Callon Petroleum Company has announced two definitive agreements that will consolidate and refocus its operations, speed up the attainment of its debt reduction target, and enable the initiation of a shareholder return program in Q3 2023.
Callon has entered a definitive agreement to acquire the membership interests of Permian-based Percussion Petroleum Operating II, LLC, in a cash and stock transaction valued at roughly $475 million with potential contingent payments of up to $62.5 million. As per the agreement terms, Percussion will receive $265 million in cash and a maximum of 6.46 million shares of Callon common stock.
Simultaneously, Callon agreed to sell all its Eagle Ford Shale assets to Ridgemar Energy Operating, LLC, for $655 million in cash and potential contingent payments of up to $45 million.
Callon’s operations will now focus on its over 145,000 net acres in the prolific Permian Basin, implementing its proven “Life of Field” Co-Development Model on an expanded Delaware Basin footprint.
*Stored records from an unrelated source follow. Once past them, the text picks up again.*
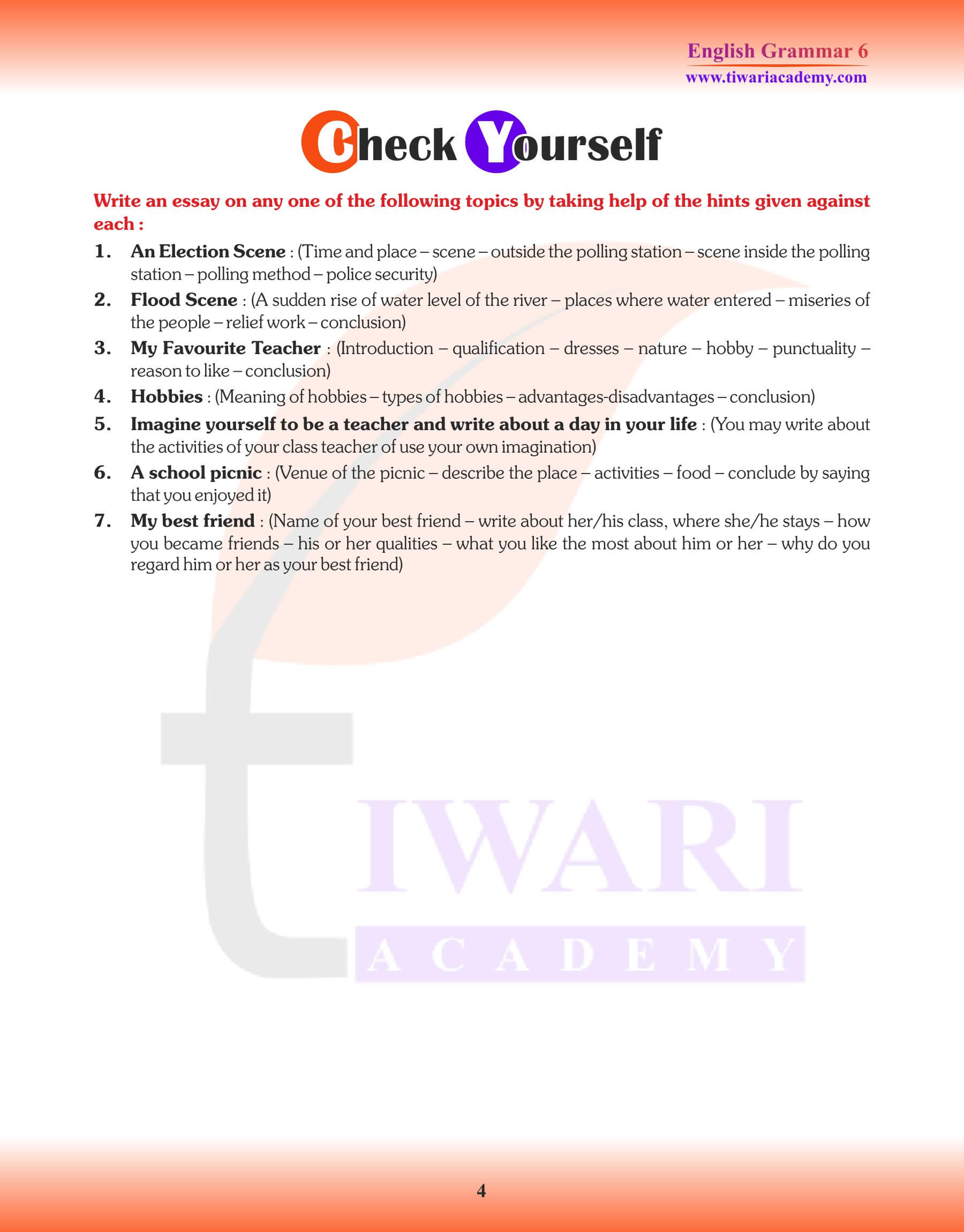 Class 6 English Grammar Chapter 30 Essay Writing. It is an art to write an essay. An essay is an original piece of composition. It is the best device to test a person’s written expression. An essay consists of a number of paragraphs, all related to one topic. We express our ideas and opinions on it. Before writing an essay, it is better to prepare an outline. Write down all the ideas that occur to you on the subject. Then fill up the gaps and complete your essay.
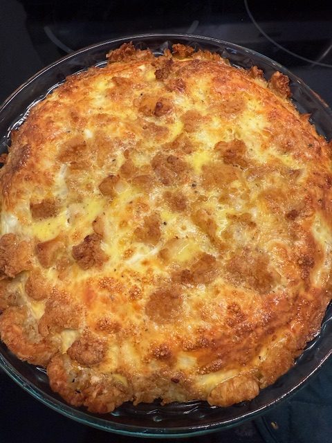 • Remove hash browns from oven and mash into an even layer covering the sides and bottom of the pie dish.
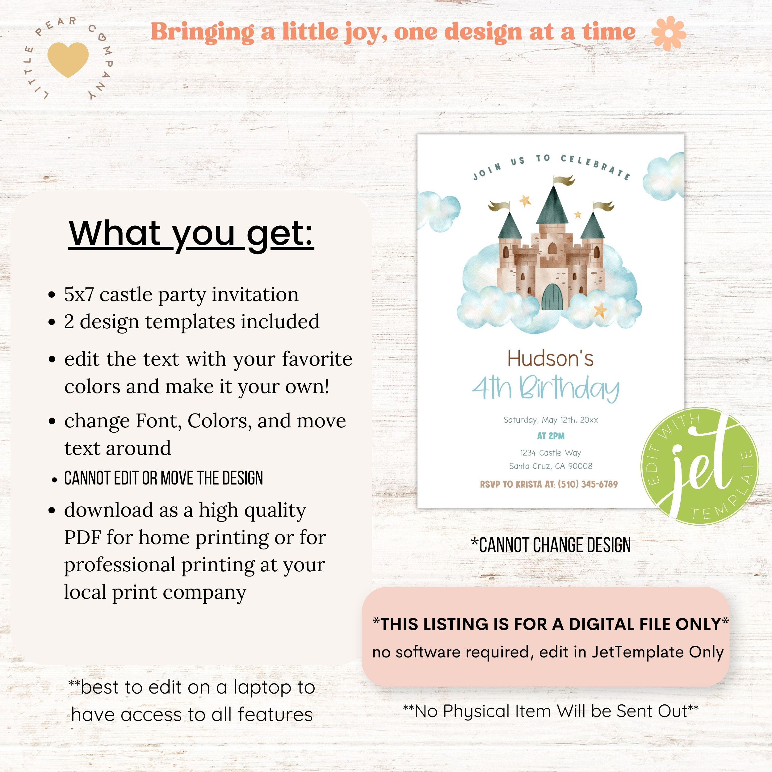 Fully Editable Canva Magical Castle Birthday Invitation Template - Etsy
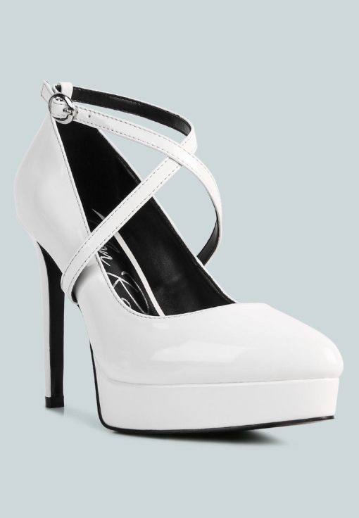 Patent faux leather cross-strap pumps are the epitome of contemporary sophistication. These stylish heels can elevate any outfit, whether you’re heading to a formal event or adding a chic touch to your work attire. Their sleek design and cross-strap detail provide a modern twist on a classic silhouette. Pair them with a tailored dress for a polished look or with jeans for a trendy, fashion-forward ensemble.
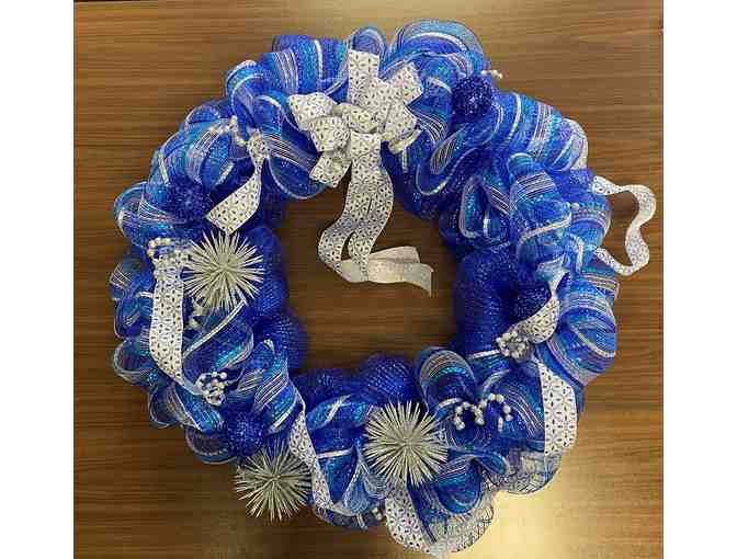 Decorate for Christmas in true TCC blue style. This gorgeous wreath is hand crafted.
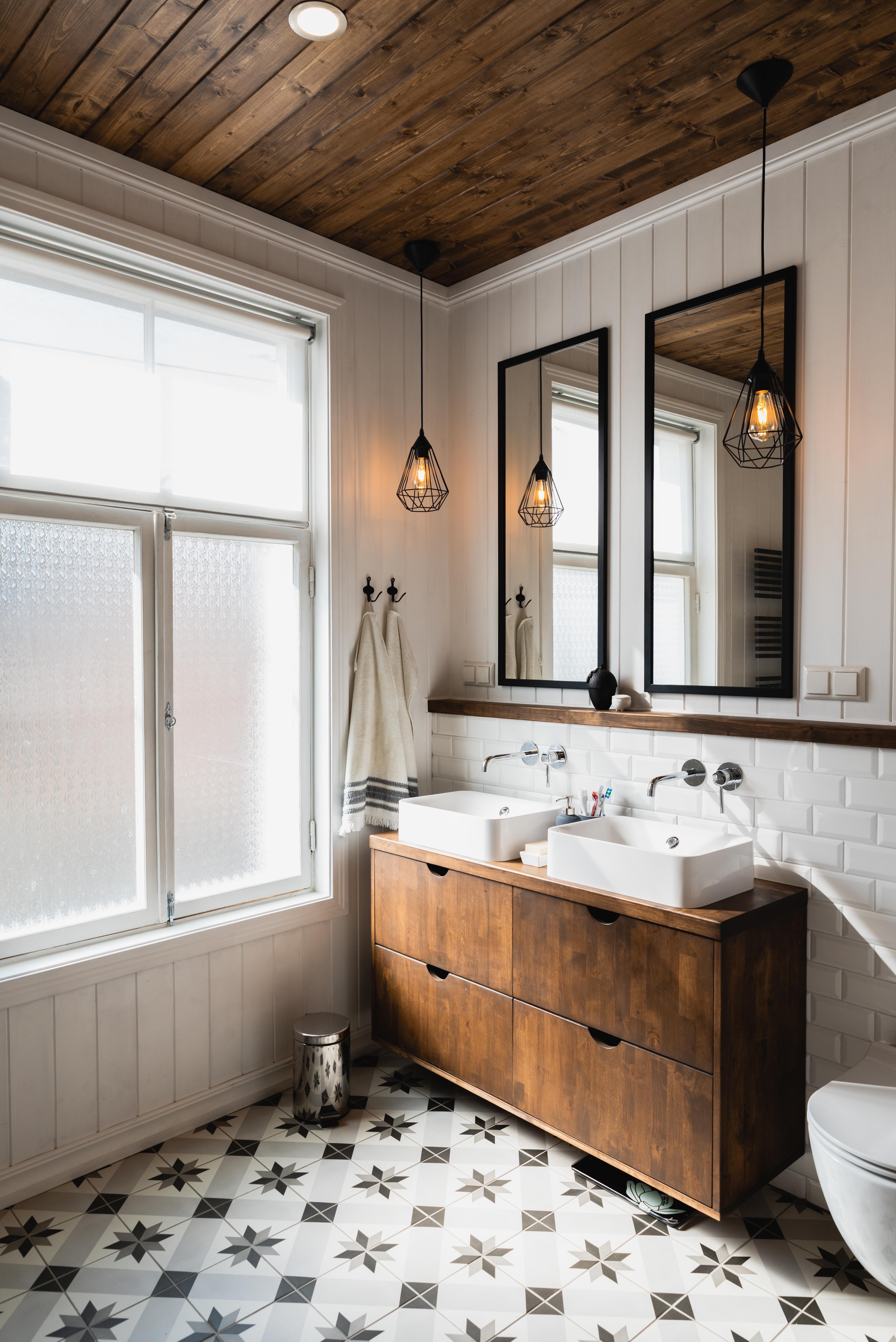 Vannituppa soovisime midagi valgust läbilaskvat, ent mitte liialt läbipaistvat. Esialgu sai sinna paigaldatud Ikea Skogsklöver valge ruloo, kuid katsetused täisvõimsusel valgustusega näitasid siiski, et pimedas paistab see vannitoa jaoks natuke liiga palju läbi. Kuna vannitoa aken asub meil tänavapoolsel küljel, ei saanud seda nii jätta. Külgkardinad vannituppa ei tundunud just parim idee, pimendav ruloo ei lase päeval teragi valgust sisse, ribikardinate vahede järjepidevaks tolmust puhastamiseks olen ma liiga laisk… Lõpuks kleepisime aknaklaasid iseliimuva mustrilise kilega üle ja see täiendus koos olemasoleva rulooga lahendas probleemi ideaalselt.
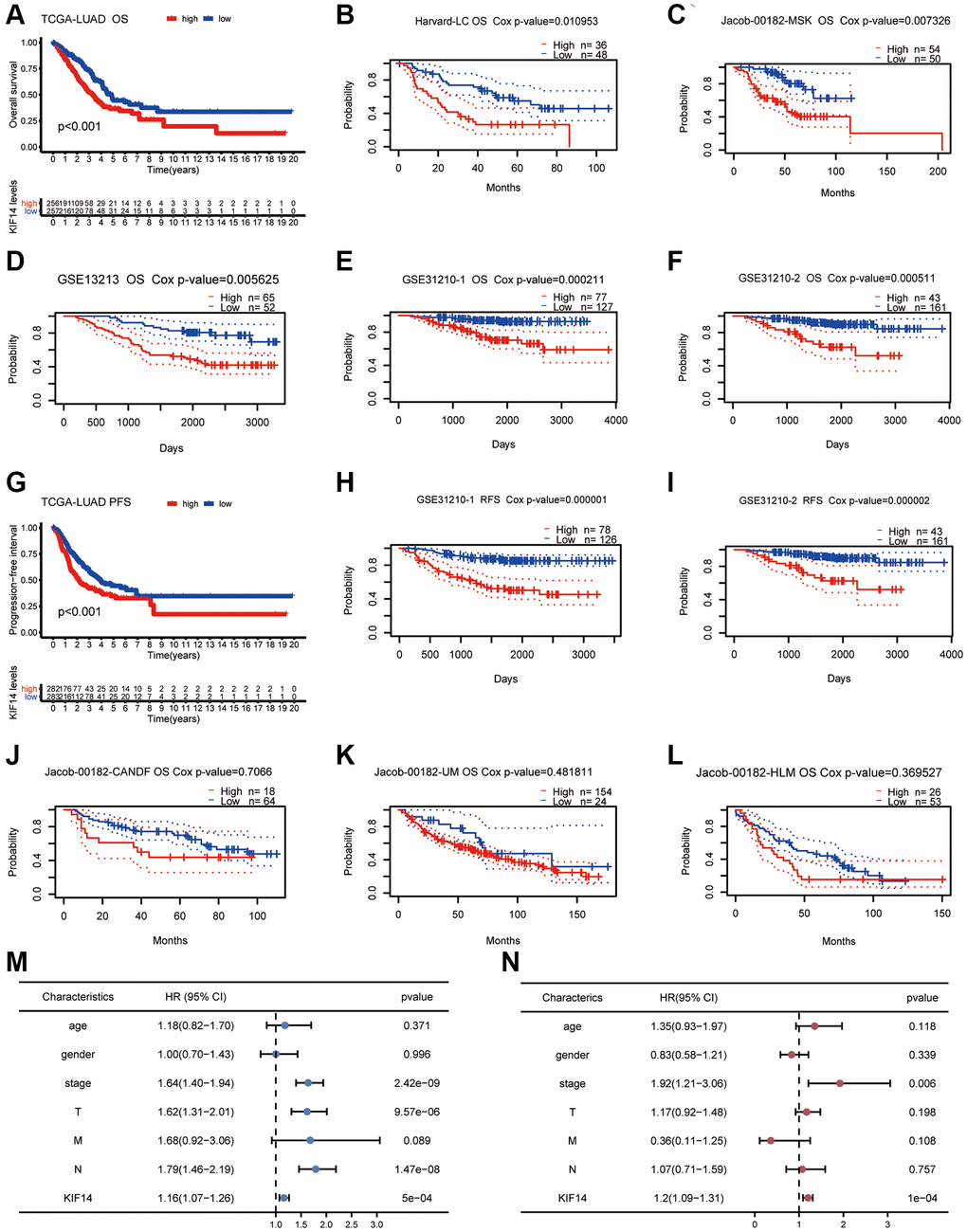 The Kaplan-Meier (K-M) survival analysis was conducted to assess the correlation between KIF14 expression and survival outcomes (PFS and OS) in pan-cancer according to the TCGA database. Both OS and PFS results demonstrated that high KIF14 expression could predict unfavorable prognosis in LUAD, PAAD, mesothelioma (MESO), LIHC, KIRP, KIRC, and adrenocortical carcinoma (ACC) (Figure 2A and 2G, Supplementary Figures 1 and 2). Next, we verified the results of LUAD via the PrognoScan database (http://dna00.bio.kyutech.ac.jp/PrognoScan/index.html) [22] (Table 1). Notably, high KIF14 expression was significantly correlated with shorter OS (Figure 2B–2F) and relapse-free survival (RFS) (Figure 2H and 2I) in seven out of ten independent cohorts. In the remaining three cohorts [23] (jacob-00182-CANDF, jacob-00182-UM, and jacob-00182-HLM cohorts, Figure 2J–2L), the OS of KIF14 upregulation group was still shorter than that of KIF14 downregulation group, but no significant difference was observed. For TCGA-LUAD cohort, both univariate and multivariate Cox regression analysis revealed that KIF14 was an independent prognostic factor for OS (Figure 2M and 2N), with Akaike information criterion (AIC) = 1094.23, p-value = 1e-04. Altogether, these results demonstrate that KIF14 can serve as a prognostic biomarker for patients with LUAD.
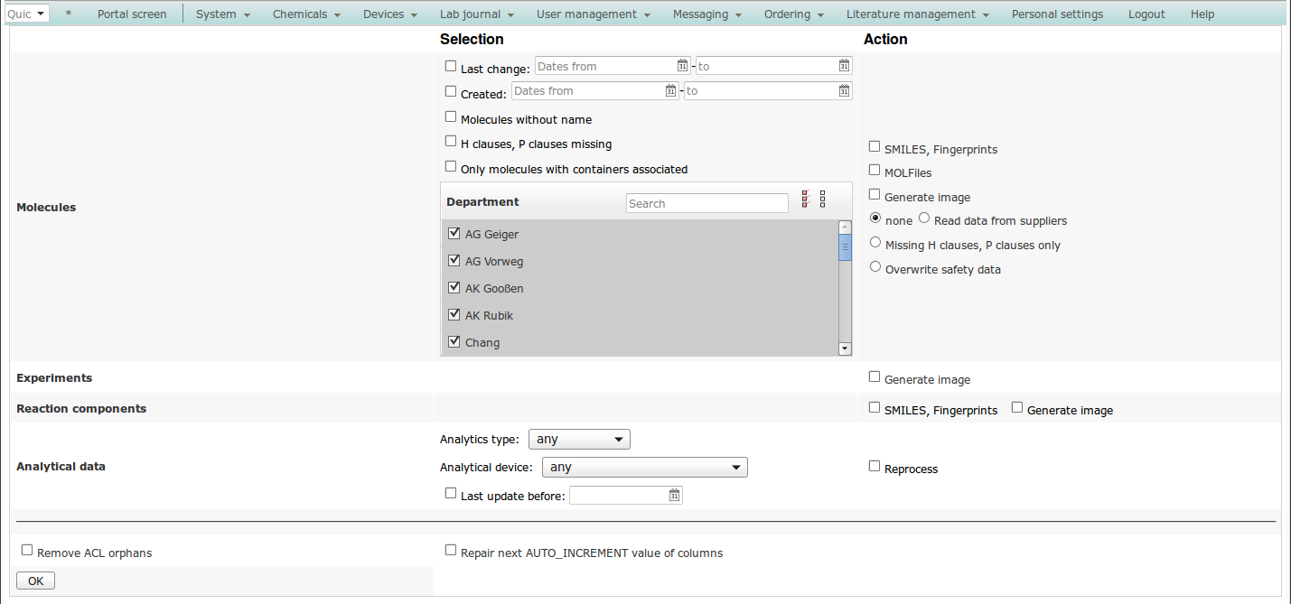 - SMILES, Fingerprints: erzeugt Hilfsdaten für die Struktursuche neu SMILES, Fingerprints: recalculates auxiliary data for structure searches

The company’s increased scale and single-minded focus on the Permian will improve operational and capital efficiencies, boasting an inventory of over 1,500 high-quality locations on a concentrated acreage position in the basin.
The oil-weighting of Callon’s production in the Permian Basin is expected to rise post-closing, with pro forma cash operating costs per boe estimated to decrease by around 5% in H2 2023 due to identified G&A and LOE savings. The transactions will strengthen Callon’s balance sheet, with total debt expected to fall below $1.9 billion at closing.
Joe Gatto, President, and CEO, emphasized that Callon is uniquely positioned to extract value from this high-quality oil asset, which complements its core Delaware position. The combined transactions will enhance their capital structure, increase margins, and extend their top-tier Permian inventory. Gatto added that this move will improve their net asset value proposition, achieve their near-term total debt milestone, and launch a capital return program for shareholders.